Чтобы уравновесить действие второго императива и обеспечить качественность научных вкладов, вводится в действие норма скептицизма. Все установленные правила имеют силу, если сохраняется автономность науки, единственной целью которой признано получение и накопление истин. Норма бескорыстности ориентирует ученых в желательном направлении.
Все 60-е годы мертоновская концепция научного этоса господствовала безраздельно. С начала 70-х годов у нее появились первые оппоненты. Наиболее распространенный в то время метод критики заключался в том, что оппоненты последовательно разбирали основные нормы научной деятельности и набором примеров показывали их несоответствие реальной практике ученых[14]. Однако такая критика связана с непониманием сущности норм: нормы – это не статистически наблюдаемое поведение, а его образец – «идеал»[15]. В определенной мере эти нормы можно сравнить с библейскими заповедями (не убий, не укради и т.д.), которые тоже постоянно нарушаются в реальной жизни, но сохраняются как нравственная основа возможности функционирования человеческого общества.
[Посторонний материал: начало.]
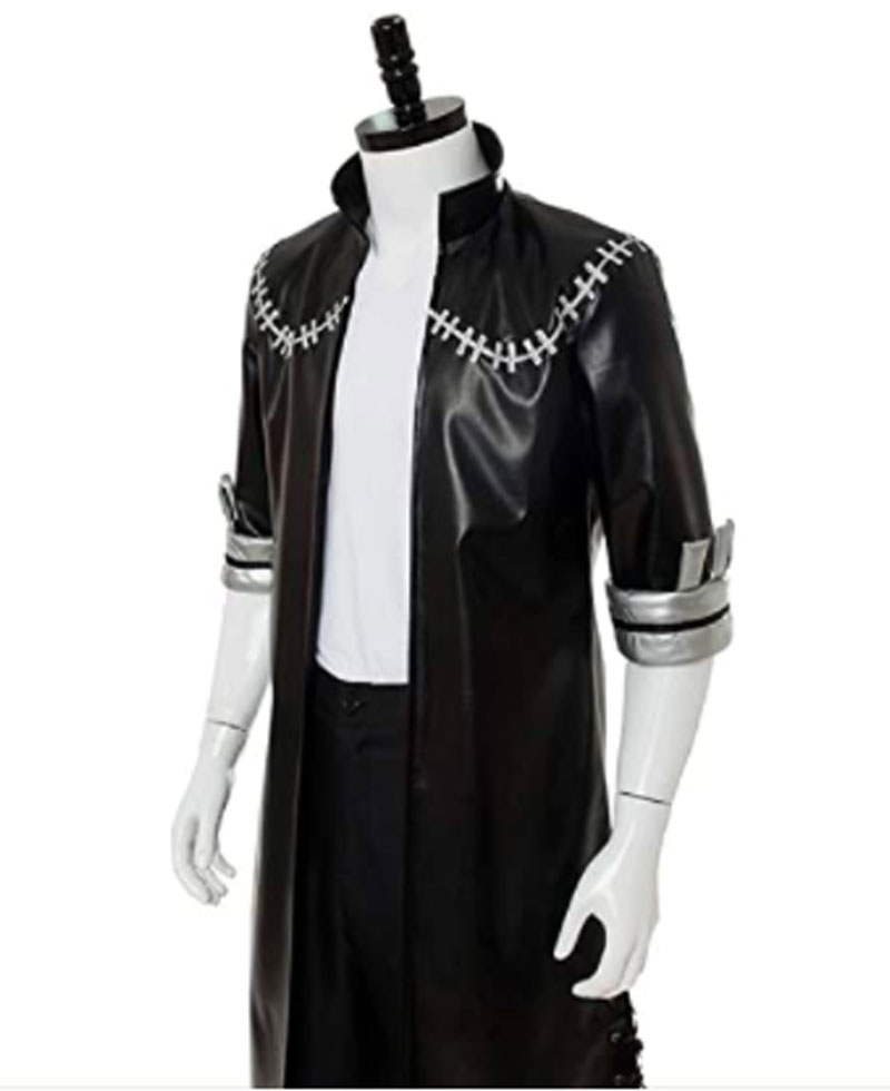The stylish long-length style coat is inspired by a popular Japanese Manga series called My Hero Academia where the fictional series character called Dabi was seen wearing this coat. The external side of this coat is manufactured with top-quality faux leather material. On the inner side of this stylish Dabi trench coat, there is a lining of smooth and soft viscose attached that guards you against cold weather and keeps you comfortable. The appealing black color of this coat makes it more desirable to wear. My Hero Academia Dabi Coat has an open style front look. The lace knotted pattern on each bottom side of this trench coat looks quite attractive. The My Hero Academia Dabi coat has quarter-length sleeves on open hem style cuffs. The coat has a stand-up style collar.

Так понимал мертоновский набор императивов и У.Хирш, трактовавший их как «правила игры», которые наука устанавливает для тех, кто избрал эту сферу деятельности. Всегда находятся «игроки», которые пытаются не соблюдать эти правила, однако на достаточно длинной дистанции нарушители оказываются отстраненными от игры, а правила действуют по-прежнему[16].
Еще более негативистское возражение Мертону состояло в том, что его нормы не просто «провозглашаемые» (и, следовательно, в определенной степени отличные от «статистически действующих»), а «провозглашаемые для других» и потому никакой корреляции с реальной научной деятельностью не имеющие. Так, достаточно известные в то время С.Барнс и Р.Долби настаивали, что мертоновские императивы – это «нормы, провозглашаемые для других в ситуациях прославления или оправдания, извинения или конфликта. Они (эти нормы) являются терминами идеологии, которая не обладает готовностью превратиться в рекомендации к определенному поведению»[17]. По-видимому, такая претензия была связана с характером материала, на котором Мертон проверял адекватность своих императивов (высказывания известных ученых XVII–XIX веков). Однако эти оппоненты совершенно не учитывали весь контекст социологической модели функционирования науки. Мертоновский этос науки безусловно имел свои недостатки, но они не могли быть столь элементарными. Странно даже предполагать, что один из крупнейших социологов ХХ века не понимал или не замечал очевидных вещей.
 
 
– 19 –
 
Действительно, Мертон сформулировал свои императивы, опираясь преимущественно на интуицию и проверяя свои идеи на высказываниях ученых-естественников XVII–XIX веков, но его позиция определена не эмпирическим материалом, а функционалистской методологической установкой на неизменность правил научной деятельности в ходе развития науки. Считая традиции науки предельно устойчивыми, Мертон не рассматривал правила научной деятельности как результат деятельности вполне определенных людей, принимая в расчет только влияние правил на людей и не учитывая обратного воздействия. В этом вопросе он оставался на уровне материализма XVIII века, понимавшего, что люди суть продукты обстоятельств и воспитания, но еще не прочувствовавшего, что сами обстоятельства изменяются деятельностью людей. Но изменения правил входят в науку именно через людей, которые в своей реальной жизни вступают в более широкие, нежели чисто профессиональные, – общественные отношения, что преобразует их систему ценностей и норм в зависимости от изменений, произошедших в обществе. Научный этос Мертона, независимый от изменений в жизни общества, исключает даже теоретическую возможность качественных изменений в науке как социальном институте. Потому, когда они все-таки наступают, то представляются как «противоестественные» и соответственно «угрожающие».
 
Большая наука ХХ века
Формулируя нормы научного этоса, Р.Мертон исходил из вполне определенного «образа» науки как социального института. Положенная в основу его концепции наука – это автономное сообщество профессиональных ученых, занятых бескорыстными исследованиями. Этот образ, скопированный в главных чертах с немецких университетов второй половины XIX века, отражает ситуацию «малой науки», которая относительно близка только одной из современных форм научной деятельности – профессиональной академической науке. Но даже поверхностное знакомство с историей говорит о том, что и внутренняя организация науки, и ее взаимоотношения с обществом подвержены достаточно быстрым и заметным изменениям. Этос науки и этические нормативы научного сообщества – не одно и то же. Этические нормативы, соответствующие науке разных периодов, не остаются постоянными. К примеру, в преимущественно любительской науке XVII–XVIII веков такие нормы, как коллективизм, бескорыстность
 
 
– 20 –
 
и скептицизм, конечно, существовать не могли. Мертоновский этос науки – идеальная модель научной деятельности во времена классической науки.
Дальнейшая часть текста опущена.